Looking to bring something fresh and competitive to your next team event? Here’s a fun way to run Slido alongside a presentation to create an interactive Jeopardy-style game.
This post walks you step by step through building the ultimate trivia showdown using Slido for Google Slides or Slido for PowerPoint.
The challenge
Standard multiple-choice trivia is great, but it’s predictable. For our team holiday party we wanted something more dynamic – a game where there was no way to be the best guesser.
That’s when the idea clicked: recreate a Jeopardy-style format using Slido open text polls and our Google Slides or PowerPoint integration.
The game
If you’re totally unfamiliar with the concept of Jeopardy but you’ve stumbled across this blog and you’re interested to try it out, here’s a summary of how the game works:
- Selection: A contestant selects a category and a specific dollar amount (e.g., “The Solar System for $400”)
- Clue presentation: The host reads the clue out loud
- Sample clue: “The largest planet in our solar system, known for its Great Red Spot.”
- Responding: The first contestant to buzz in (in our case, vote) must respond with the correct answer, phrased as a question
- Example response: “What is Jupiter?”
- If the answer is correct: The contestant earns the dollar amount and selects the next clue
- If the answer is incorrect: The amount is subtracted from their score and the remaining contestants can buzz in (start voting) for a chance to answer

Step 1: Build your game board
Start by designing a simple Jeopardy-style board in Google Slides or PowerPoint. A single slide works well with a grid and big clickable areas, as you can see in the image above.
- Columns = Categories
- Rows = Point values
- Each tile will link to its matching Slido poll
Step 2: Create an open text poll for every clue
For each question (“clue”), create one open text poll in Slido.
Why open text?
- It shows responses live in your host interface
- You immediately see who answered correctly first (the bottom-most answer)
- It keeps things exciting and competitive
- It works perfectly for “fastest answer wins” games
After creating all of your polls, drop them into your Google Slides or PowerPoint deck through the Slido integration.
Step 3: Link each board tile to its matching poll
Google Slides or PowerPoint lets you hyperlink any shape or text directly to another slide:
- Insert all Slido polls into your deck
- Hyperlink each point value tile on the main board to the correct Slido poll slide
- Once you’ve linked all the text to the corresponding slides, duplicate the main board slide and place it after every poll, so you always return to the board
💡 Good to know: Google Slides and PowerPoint both automatically maintain the link targets even when slides move around.
This creates a smooth loop: Board → Poll → Back to Board.
Step 4: Running the game live
During the event you simply:
- Share your screen and present your deck
- Click the board tile that the players choose (this launches the Slido open text poll)
- Watch as answers roll in and as soon as you see the first correct one, reveal the results
- Award points manually

Step 5: Create a final round
Add a small “Final Round” or “End” button to your board and link it to one last open text poll, then:
- Players tell you their wager
- You click to reveal the final clue (open text poll)
- They type their answer in
Super simple, super effective.

What participants experience
If participating on their phones, contestants only see the active poll question and the text field to type the answer.
If you’re on a virtual meeting, it’s even more ideal to use our Slido for Webex, Zoom or Teams integrations, so no external device is required and participants can type their answers in the Slido sidebar.
You control the entire visual flow from your presentation and announce the leaderboard updates out loud.
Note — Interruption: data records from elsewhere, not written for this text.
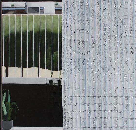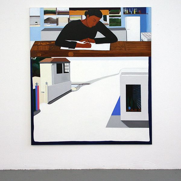 Mijn favoriete was de niet-grappige Indiase D'souza. Zij schildert preciese interieurs die uitgeven op even preciese, weidse landschappen. Met de interieurs is iets aan de hand. Ze evenaren de landschappen in leegte en netheid. Er staat niets op een vensterbank, een aanrecht, ijskast of fornuis. De indruk: deze bewoonster wil dwangmatig haar boel aan kant. Net als haar uitzicht.
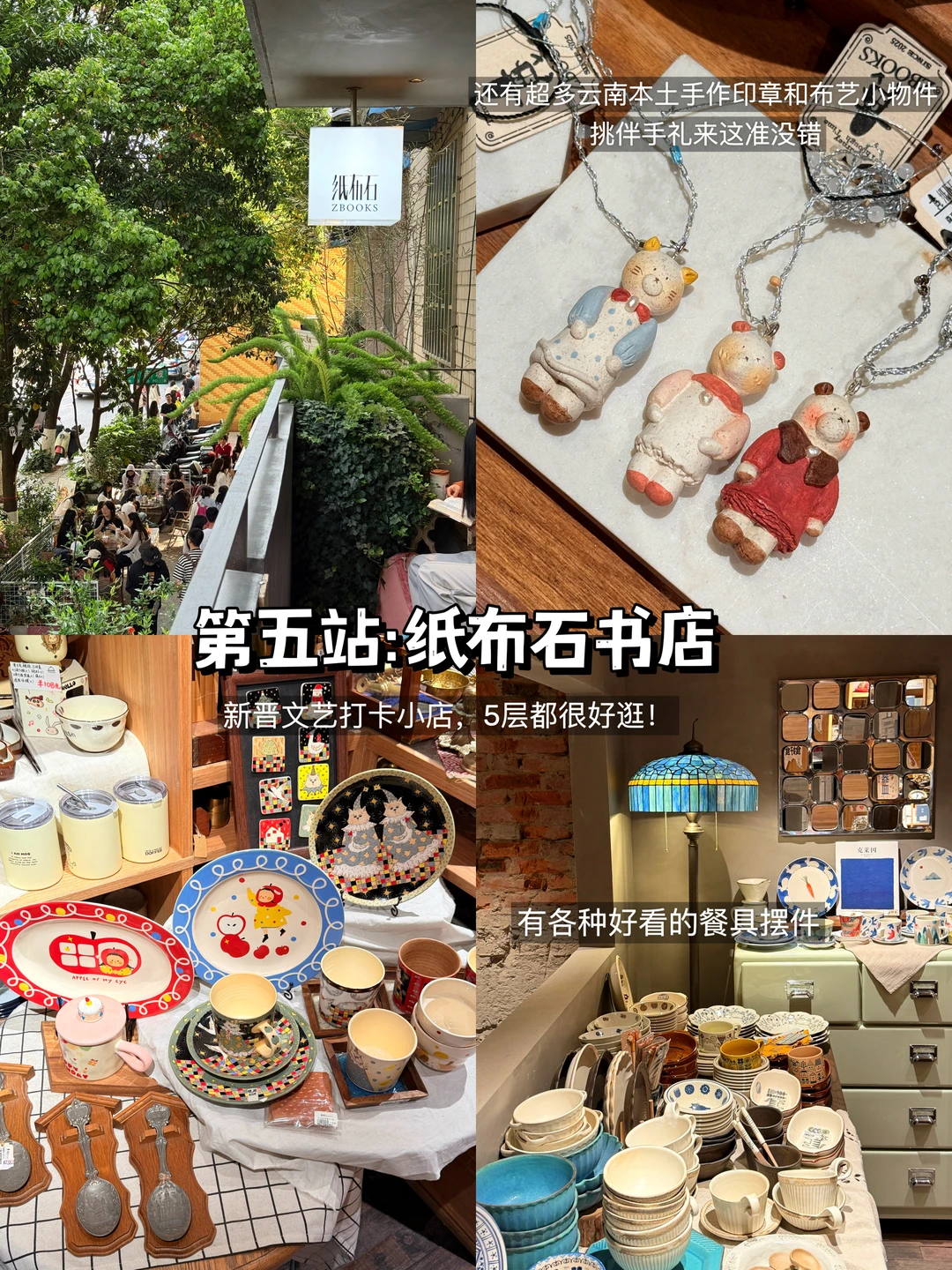 橡皮书店步行2分钟直达,一楼是文学社科区,二楼三楼每层都有不同的主题,有书📕餐具,云南本土手作印章和布艺小物件,很适合买伴手礼!(顶楼是很好看的绿植花园别忘了上去看看🍃)
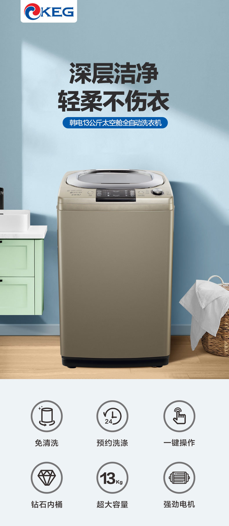 产品描述:韩电13公斤全自动太空舱洗衣机,拥有超大容量、智能洗涤、太空舱般精致外观与卓越性能,是家庭洗衣的得力助手,满足多样需求。

No tab switching for the audience, no extra setup, no confusion.
Final tips for success
- Use open text polls for real competition: It gives you speed, accuracy and the ability to crown whoever answered first
- Duplicate the game board slide generously: It makes navigation stress-free
- Keep questions short: You want people typing fast, not decoding long paragraphs
- Don’t overthink scoring: A simple notepad, tally or spreadsheet is enough
Ready to try it yourself?
The Jeopardy-style game in Slido turned out to be a hit. It was fast, loud, competitive and way more fun than a standard trivia round.
If you want to energize your next team event, try building your own version.